#### [MATERIAL FOR THE TASK]
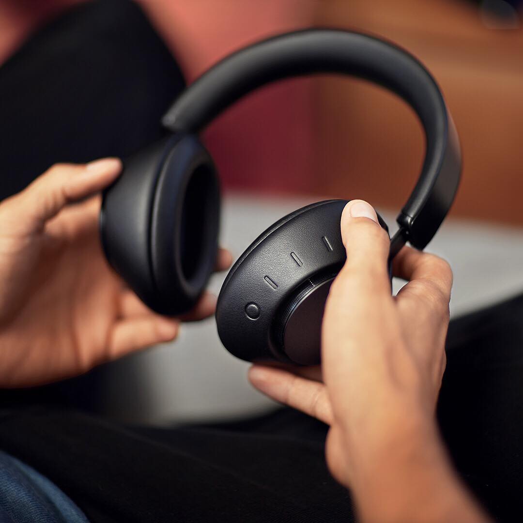Slušalke imajo shranjene podatke za povezavo z do tremi napravami, med njimi pa preklapljamo s pritiskom na gumb. Sicer je upravljanje s slušalkami tudi drugače jednoduše, saj je cela desna površina slušalk občutljiva na dotik, da prek nje prilagajamo glasnost, dušenje hrupa in podobno.
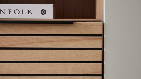 Interliving Wohnzimmer Serie 2032 – dein neues Lowboard in Sandbeige und Balkenbuche
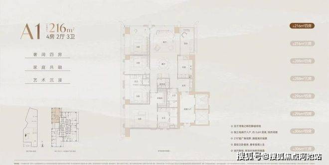 (一)T4中低区(3000-5200万):改善优选,性价比之王1. 216㎡四房三卫+家政间(A1户型)
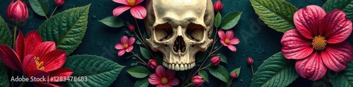 Naklejka premium Exotic flowers and foliage entwined around a dramatic human skull, floral...
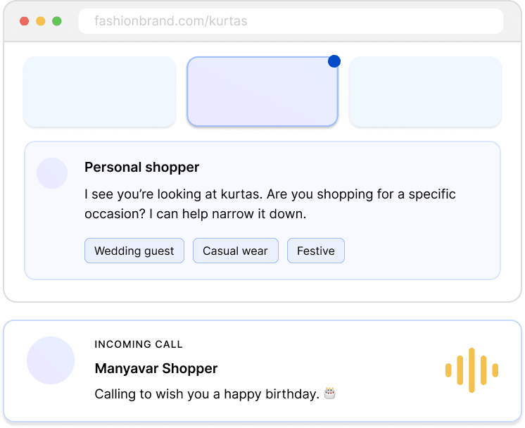 Engages customers in the moment — on your website, WhatsApp, or a call.
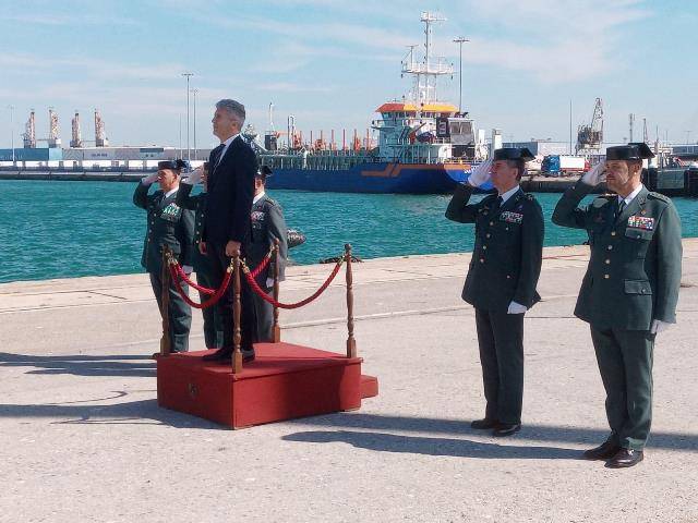 Así mismo, el ministro ha asistido a la entrega de la patrullera de la Guardia Civil “Río Arlanza”. El ministro del Interior ha señalado que “esta nueva embarcación va a integrarse en el Grupo Marítimo del Estrecho con sede en Cádiz, sumándose al buque oceánico ‘Río Miño’, y otra patrullera de altura de 30 metros”. “Aumentamos los medios, los recursos y los efectivos para garantizar la seguridad”, ha añadido Grande-Marlaska.
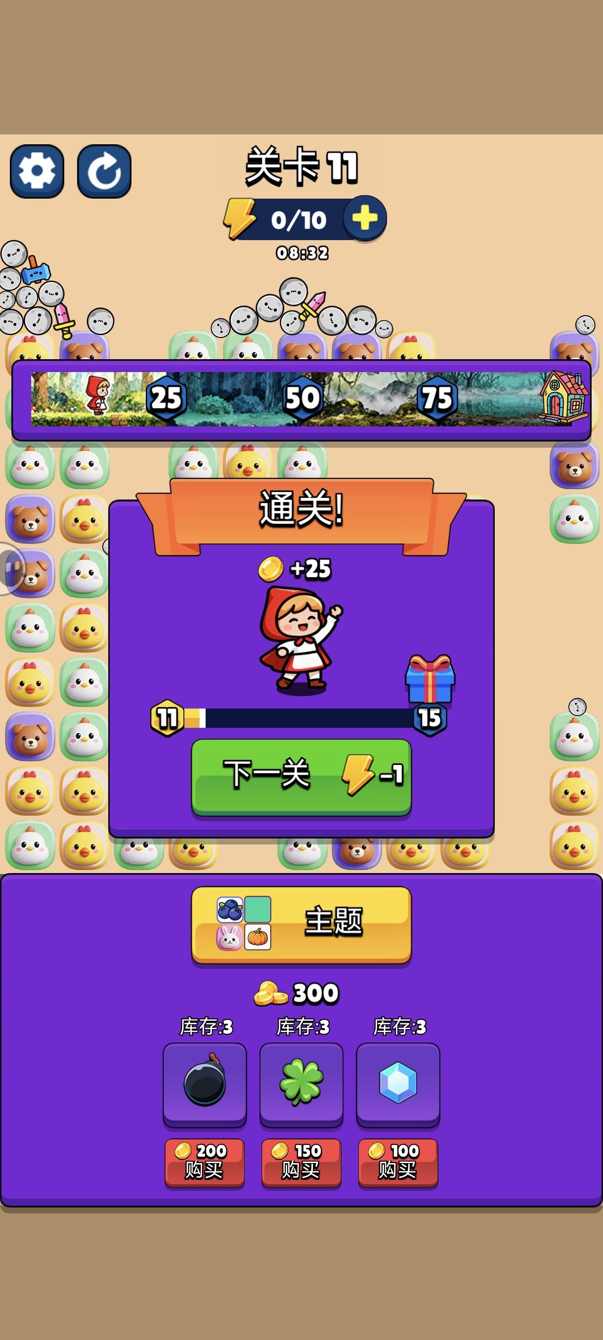 以关卡制进行游戏,同很多小游戏一样有体力机制,没体力要看广告恢复,或等自然时间恢复。单关大约几分钟即可通关,主要看消除策略,有可能一个疏忽就得重新来过。
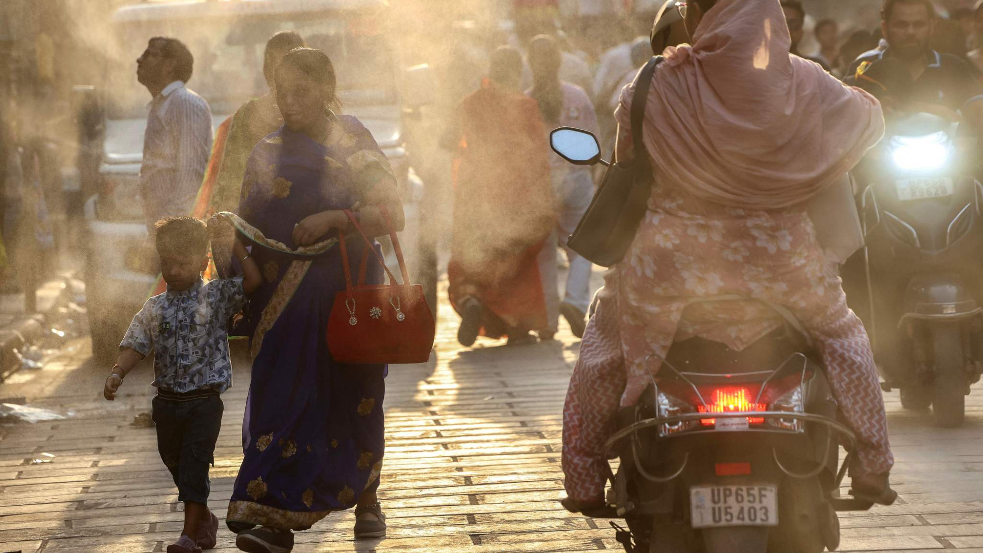 वाराणसी में लोग गर्मी से राहत पाने के लिए सड़कों पर लगे स्प्रिंकलर के नीचे से गुज़रते हुए

#### [PROBLEM TO WORK ON]
Each entry is to be given again exactly as it stands, with its pictures removed.

#### [SOLVED PROBLEM]
Slušalke imajo shranjene podatke za povezavo z do tremi napravami, med njimi pa preklapljamo s pritiskom na gumb. Sicer je upravljanje s slušalkami tudi drugače jednoduše, saj je cela desna površina slušalk občutljiva na dotik, da prek nje prilagajamo glasnost, dušenje hrupa in podobno.
 Interliving Wohnzimmer Serie 2032 – dein neues Lowboard in Sandbeige und Balkenbuche
 (一)T4中低区(3000-5200万):改善优选,性价比之王1. 216㎡四房三卫+家政间(A1户型)
 Naklejka premium Exotic flowers and foliage entwined around a dramatic human skull, floral...
 Engages customers in the moment — on your website, WhatsApp, or a call.
 Así mismo, el ministro ha asistido a la entrega de la patrullera de la Guardia Civil “Río Arlanza”. El ministro del Interior ha señalado que “esta nueva embarcación va a integrarse en el Grupo Marítimo del Estrecho con sede en Cádiz, sumándose al buque oceánico ‘Río Miño’, y otra patrullera de altura de 30 metros”. “Aumentamos los medios, los recursos y los efectivos para garantizar la seguridad”, ha añadido Grande-Marlaska.
 以关卡制进行游戏,同很多小游戏一样有体力机制,没体力要看广告恢复,或等自然时间恢复。单关大约几分钟即可通关,主要看消除策略,有可能一个疏忽就得重新来过。
 वाराणसी में लोग गर्मी से राहत पाने के लिए सड़कों पर लगे स्प्रिंकलर के नीचे से गुज़रते हुए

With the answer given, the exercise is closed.